White House Announces Acting Agency Leadership Until Nominees Confirmed

January 20, 2021 by Dan McCue
The White House on Sunday, Jan. 10, 2021. (Photo by Dan McCue)

WASHINGTON – Just hours after the President Joe Biden was sworn into office, White House officials announced the acting agency leadership that will assist the new administration in the next phase of the transition of government.

These individuals, nearly all of whom are career civil servants, will temporarily lead federal agencies while Cabinet nominees continue moving through the confirmation process. 

“Day One is always going to be the riskiest” when it comes to uncertainty about who’s in charge, or the new people missing news of some critical event during an agency transition, said Paul C. Light, a professor of public service at New York University, told the Associated Press.

One example, he said, would be scientists in the ranks learning of some vital development in the spread of the coronavirus pandemic or development of vaccines.

“As sure as we’re talking here, these things happen,” Light said. “It’s a very dense hierarchy and there are no alarm bells.”

Across Cabinet-level agencies, most political appointees of the old administration turned in resignations by Inauguration Day, following tradition.

Before leaving office, President Donald Trump had amended the orders of succession at some agencies, including the Environmental Protection Agency, in ways that changed which career staffer was in charge after all the political appointees left.

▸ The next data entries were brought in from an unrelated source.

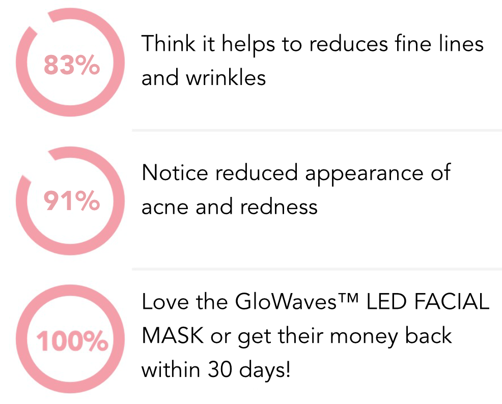 We are CERTAIN you will see improvements with your skin, so we back Glowaves™ LED Facial Mask with a 30 Day Money Back Guarantee.
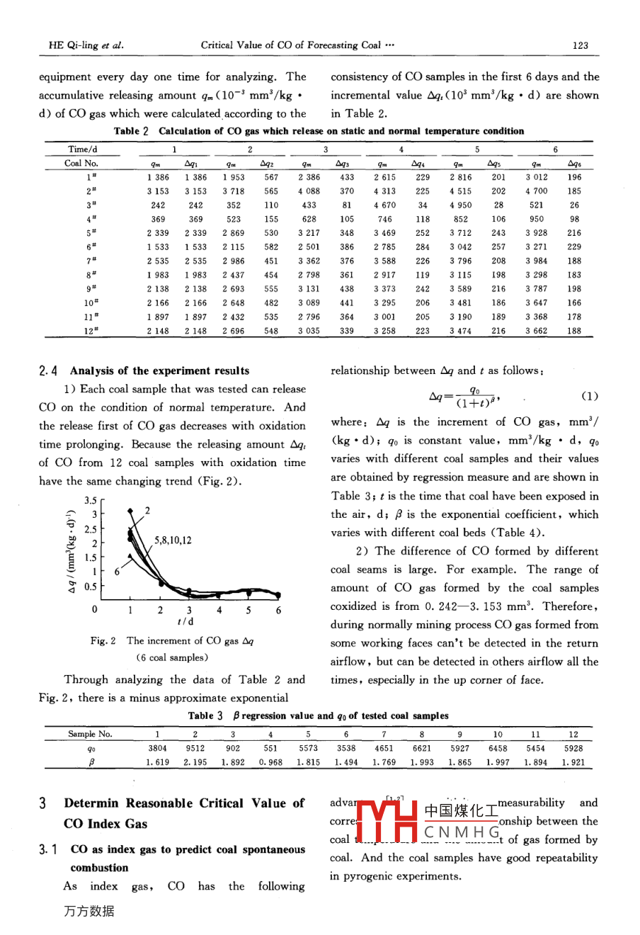 Dec.2003Journal of China University of Mining TechnologyVol. 13 No.Critical Value of co of ForecastingCoal Spontaneous CombustionHEQi-ling(何啟林)2, DAI Guang- -long(戴廣龍), WANG De-ming(王德明)1(1. College of Mineral and Energy Resource, CUMT, Xuzhou, Jiangsu 221008, China;2. Department of Resources Exploration and Management Enginering, Anhui University ofScience and Technology, Huainan, Anhui 232001, China)Abstract CO has been used widely in the production process of colliery as an index gas to predict spontaneouscombustion of coal. But in some collieries there are co gas in the upper corner of the face all the times, sometimeco gas even exceeds the regulated critical index. This phenomenon is much more obvious in the fully-mechanizedlongwall face and fully-mechanized longwall and top- coal caving face. Although many measures of fire-proof andfire-extinguishing have been adopted, the flowing amount of co gas can be only decreasd, but can not beeliminated completely. Using the different kinds of coal, the experiment of coal oxidation was made at the lowtemperature. The experiment indicates that some kinds of coal can produce CO under the condition of normaletime the Co consistency is very high, and the intension of Co can be decreased withoxidation time prolonging. Selecting rational critical value of Co is the ke to predicting spontaneous combustion ofcoal correctly and reliably. The problem of selecting retional critical value of CO was studied. Finally, the amountof co gas released by different kinds of coal was obtained under normal temperature condition.Key words: coal spontaneous combustion; index gas: critical valueCLC number: TD75 Document code: a Article ID: 1006-1266(2003)02-0121-05of graham, the ratio of alkene to alkane1 Introductionhydrocarbon, ratio of chain to alkane and ratio ofSpontaneous combustion of coal is one of the single alkane hydrocarbon to all alkane hydrocarbonprimary disasters in coal mine safety-production, amount are usually used as index. In China manyestimating the temperature of coal or the extent of collieries adopt the single index-co to predict thespontaneous combustion is an important measure to spontaneous combustion of coal. In Some collieries itpredict spontaneous combustion and ignition of coal has been discovered that CO exists in the up cornersaccording to analyzing the results of index gas at of face all the times. This phenomenon is muchearly stage. Many kinds of predicting index of coal more obvious in fully-mechanized longwall face orspontaneous combustion, which are divided into the fullylongwall and top-coal caving face.sIngle index and moreindex, have been proposed. Although many measures of fire-proof and fireIn these indexes, for the single one the extinguishing have been adopted, the flowingconcentration or absolute formed amount of certain amount of Co gas can be only decreased, but cankind of gas (such as CO, the high-sulfur-coal can not be eliminated completely. This phenomenonlso use SO2) is used as index, or the formed confuses many engineers on the spot, so in thisamount of a kind of gas is used as index (for paper the authors made attempt to give explanationsexample C2H,). For the more indexes the coefficient中國(guó)煤化工CNMHGRecelved date: 2003-05-30Foundation item: Science of fire Natural Science Foundation of China (2001CB40960102)Biography: HE Qi-lin(1963-), male, from Wuwei county of Anhui Province, associate prof., doctorial student of safety science andhnology specialty, engaged in the research on colliery safety.122Journal of China University of Mining TechnologyVol. 13 No. 22 Oxidation Experiment of Coal UnderCondition of Static and NormalTemperature2. 1 Device of oxidation experimentIn order to compare the static breathing abilitycoal in oxygen with the amount of all kinds of gasreleasing, in the ventilation and safety laboratory ofAnhui University of Science and Technology theexperiment device of breathing under normaltemperature was made Fig. 1). It consists ofvitreous absorbing vessel, vitreous valves topper,Fig. 1 A set of static breathing experimentpiston triplet: 2. vitreous absorbing vesselpiston triplet, advection tube, down mouth bottle3. coal sample; 4. vitreous cotton interlaydirect valve, connection tube etc.5. glass stick: 6. advection tul2. 2 Gas analysis equipment7. connection tube: 8. water bottleFor gas analysis gas chromatography apparatusExperiments requested a original coal sampleSP-2308 and hydrogen flames detector were used. that have never been exposed in the air. ThereforeIn the process of analyzing hydrocarbon gas, such samples were taken from the depths of 2 m in theas CH,, C2H4, C2H6, C3Ha, the steel cylinder (Lcoal1 bed of the new miining face. The picke5 m, =31 mm) filled with GDX-502 was used samples were filled in the sample-taking machinewith high pure hydrogen(99. 999%); in the process and pressed solidly then the machine was coveredof analyzing gas such as CO, CO2 and CH4, up completely. On the ground the cover should bestainless steel cylinder (L=0. 7 m, p= 3 mm) sealed completely using vinegar, and winded up,filled with TDX-01 was used with the converting finally the samples were sent to analyze infurnace (L=0. 2 m) using nickel as catalyst. The laboratory. The coal samples were crushedarrying gas was high pure N2(99. 999%), and the laboratory and then sieved, the samples about ofburning gas was high pure H2(99. 999%), the 1 mm in diameter were selected for experiment.combustion-supporting gas was the compressed air.2) ExperimentGas samples flowed into detector through convertingThe coal samples were taken from 12furnace after separated in chromatogram column. coal in 6 collieries. They belong to the EnergyTwo kinds of gas were analyzed respectively. The Incorporated Company of Shanghai and Mineralinstrumentation accuracy: carbon hydrogen Group of Huainan and Mineral Group of Huainancompound was0.01×10°; CO kind was0.1×106Xingji. The geological condition and p
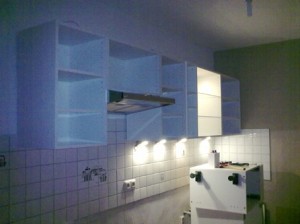 Die Dunstabzugshaube wurde beim Aufhängen dann auch direkt angebracht – so war es einfacher, dass Kabel hinter den Schrank zu legen. Durch den nur halbhohen Fliesenspiegel ergab sich allerdings ein Aufhänge-Problem: die Faktum-Schränke haben nicht, wie „normale“ Küchenhängeschränke dieses Kästchen für den Haken, mit denen Unebenheiten an der Wand ausgeglichen werden können, weil sie nicht ganz hereingeschraubt sind, sondern werden mit normalen Schrauben befestigt. Wir haben uns dazu entschieden, Leisten zwischen Wand und Schränke zu setzen und deswegen die Schränke mit sehr langen Schrauben (6,0 x 100) angebracht. Die halten! Nix wackelt und die Wände hier sind zum Bohren auch genial (hatte schon in anderen Wohnungen welche, wo ein 6er Bohrer ein 10er Loch gebohrt hat, dass aber nur 1,5cm tief wurde… möööp)
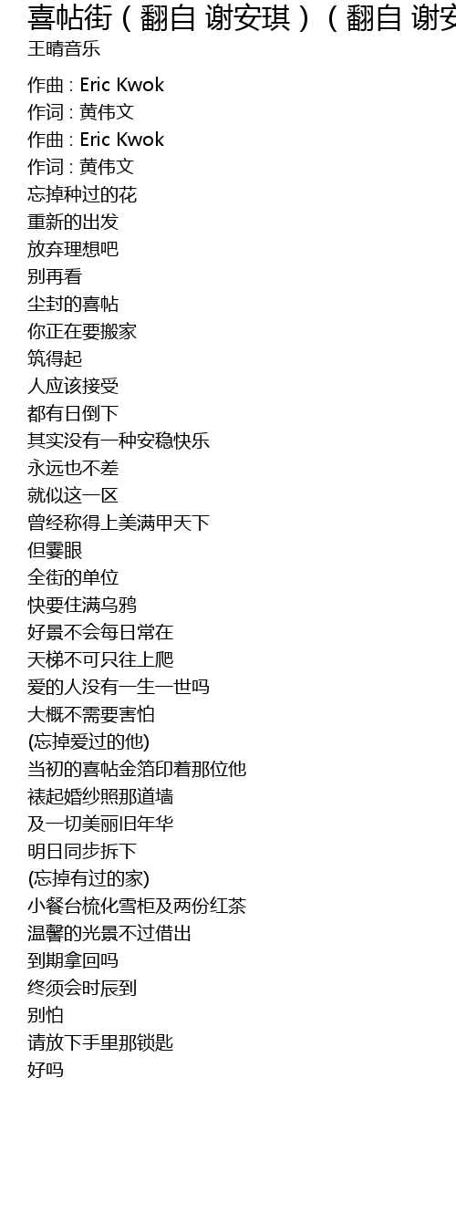 | Song | 喜帖街(翻自 谢安琪)(翻自 谢安琪) |
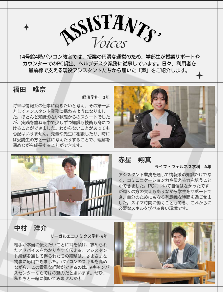 授業アシスタントの先輩方は優しい方ばかりです!パソコンの知識が優れていなくても、社会人になってから必要な能力が養えます。パソコンが好きな人はもちろん、教職を目指している方、サービス業に就きたい方にはおススメだと思います。
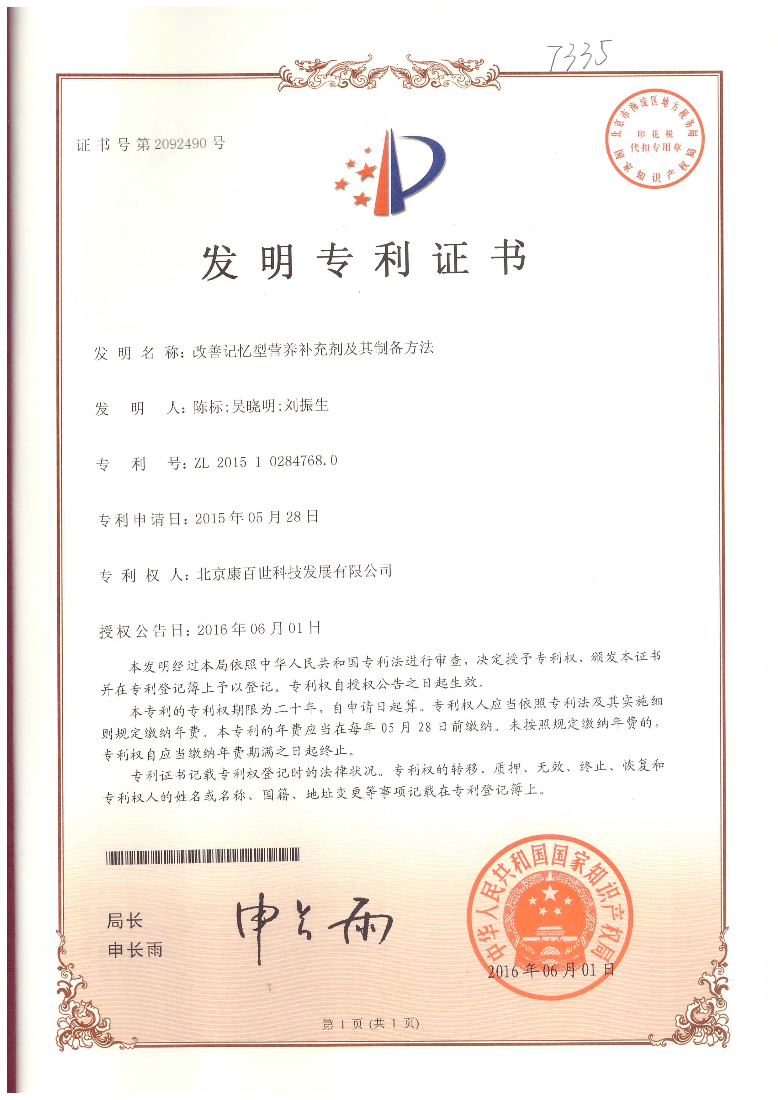 发明专利证书-改善记忆型营养补充剂及其制备方法
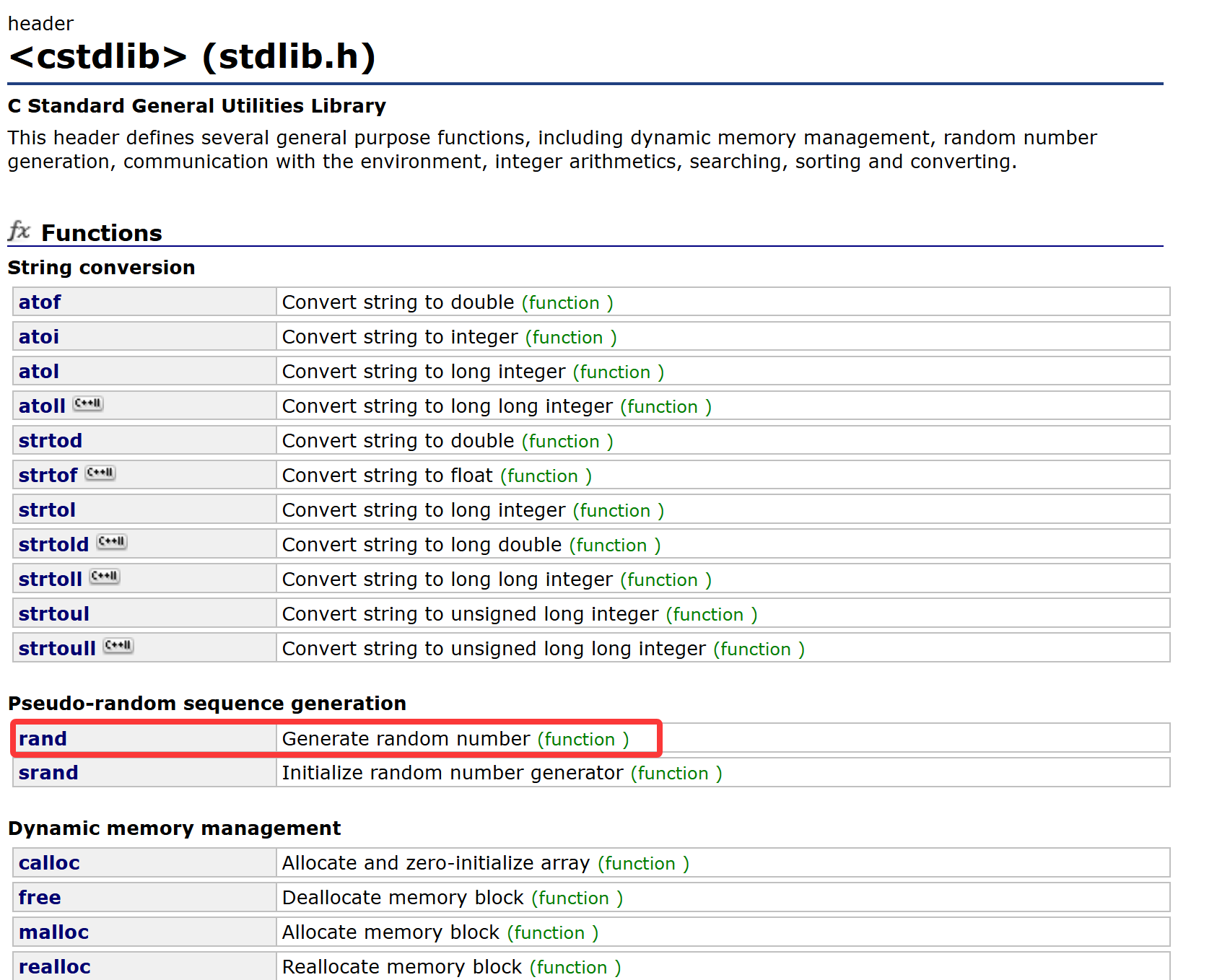 我们在C++文档检索<stdlib.h>可以看到这样一条:

Environmental advocates and other opponents of the Trump administration, and scholars of government, expressed suspicion of some of Trump’s succession changes in his last weeks, fearing he might plant loyalists as acting heads to make trouble for Biden.

But experts in government process point out that Barack Obama’s White House and others before him in their finals weeks also made adjustments to who’s left in charge in agencies.

That’s usually “not because of party preferences but to help with good governance,” said Anne Joseph O’Connell, a Stanford Law School professor in an interview with the AP. “To the extent you care about government, you care about transition.”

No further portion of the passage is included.